Progetti FFC 13/2015 e FFC 14/2016 coordinati da Giovanni Bertoni del Dipartimento di Bioscienze – Università degli Studi di Milano, con il supporto adottivo di Delegazione FFC di Reggio Calabria, Gruppo di Sostegno FFC di Vigevano, Gruppo di Sostegno FFC di Sassari Castelsardo, Delegazione FFC di Boschi Sant’Anna Minerbe.

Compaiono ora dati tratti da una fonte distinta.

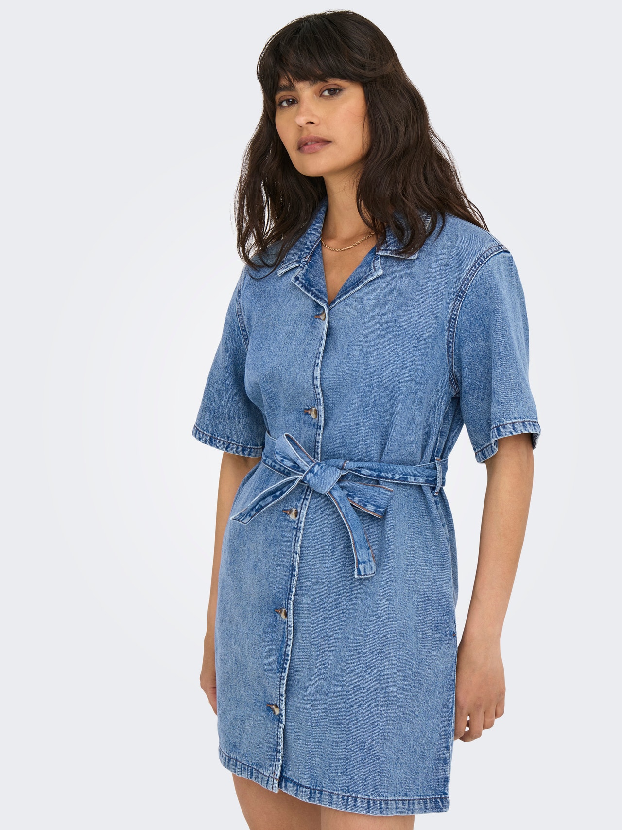 Restez décontractée avec une robe en denim parfaitement assortie à une paire de baskets et une veste légère en été, ou à un collant, des bottes et un pull pour un look hivernal épuré.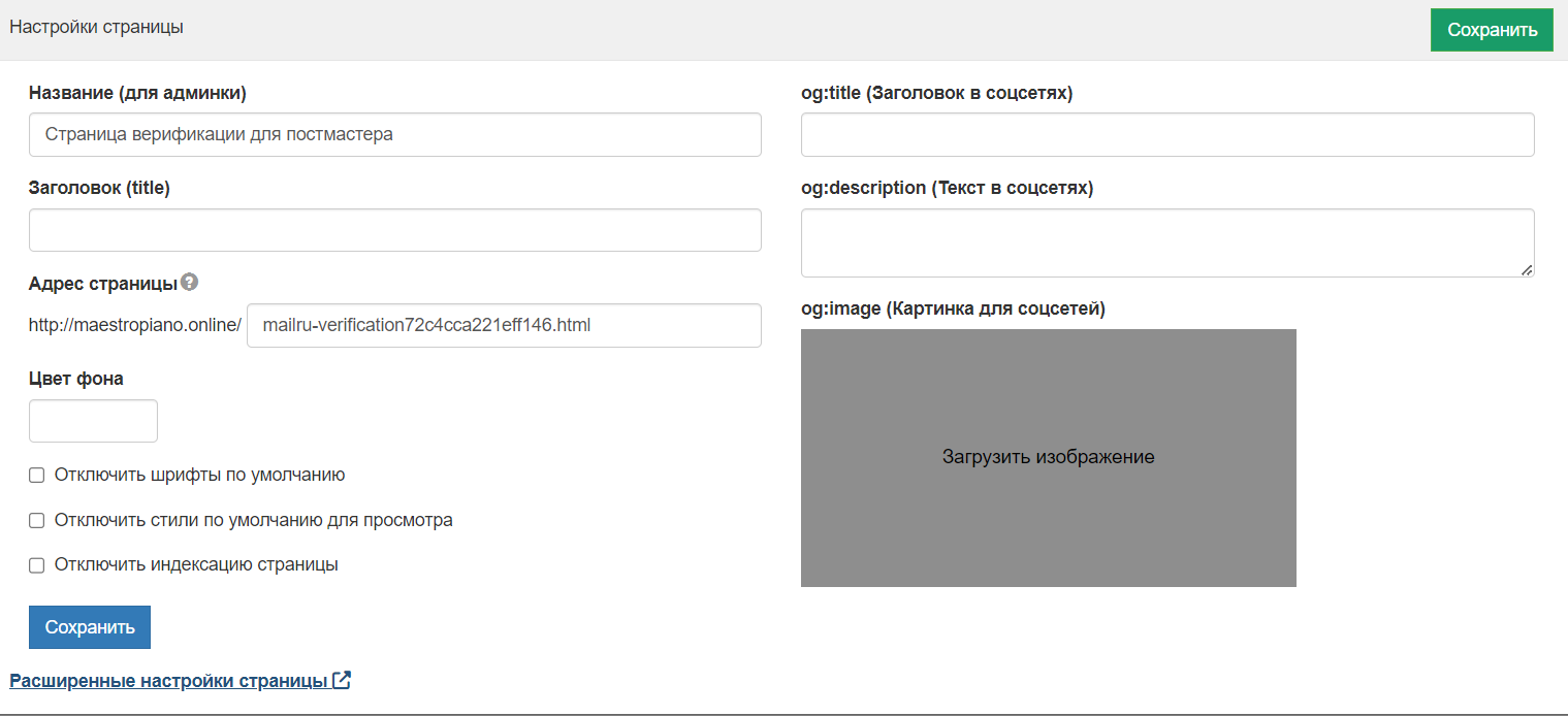 - Тип страницы: обычная и страница для верификации — вторая используется в том случае, когда для регистрации в некоторых сервисах требуется подтвердить, что домен принадлежит именно вам.

The small RNA ErsA of Pseudomonas aeruginosa was previously suggested to be involved in biofilm formation. In a recent paper (1), led by Giovanni Bertoni from Dipartimento di Bioscienze – Università degli Studi di Milano, and supported by Grants No FFC #13/2015 and FFC #14/2016, the authors show that a knock-out ersA mutant strain forms a flat and uniform biofilm, not characterized by mushroom-multicellular structures typical of a mature biofilm. Conversely, the knock-out mutant strain showed enhanced swarming and twitching motilities. To assess the influence of ErsA on the P. aeruginosa transcriptome, the authors performed RNA-seq experiments comparing the knock-out mutant with the wild-type. More than 160 genes were found differentially expressed in the knock-out mutant. Parts of these genes, important for biofilm formation and motility regulation, are known to belong also to the AmrZ transcriptional regulator regulon. ErsA is found to bind in vitro and positively regulates amrZ mRNA at post-transcriptional level in vivo suggesting an interesting contribution of the ErsA-amrZ mRNA interaction in biofilm development at several regulatory levels.
1. M Falcone, S Ferrara, E Rossi, HK Johansen, S Molin and G Bertoni. The Small RNA ErsA of Pseudomonas aeruginosa Contributes to Biofilm Development and Motility through Post-transcriptional Modulation of AmrZ. Front Microbiol. 2018; 9: 238. Published online 2018 Feb 15. doi: 10.3389/fmicb.2018.00238.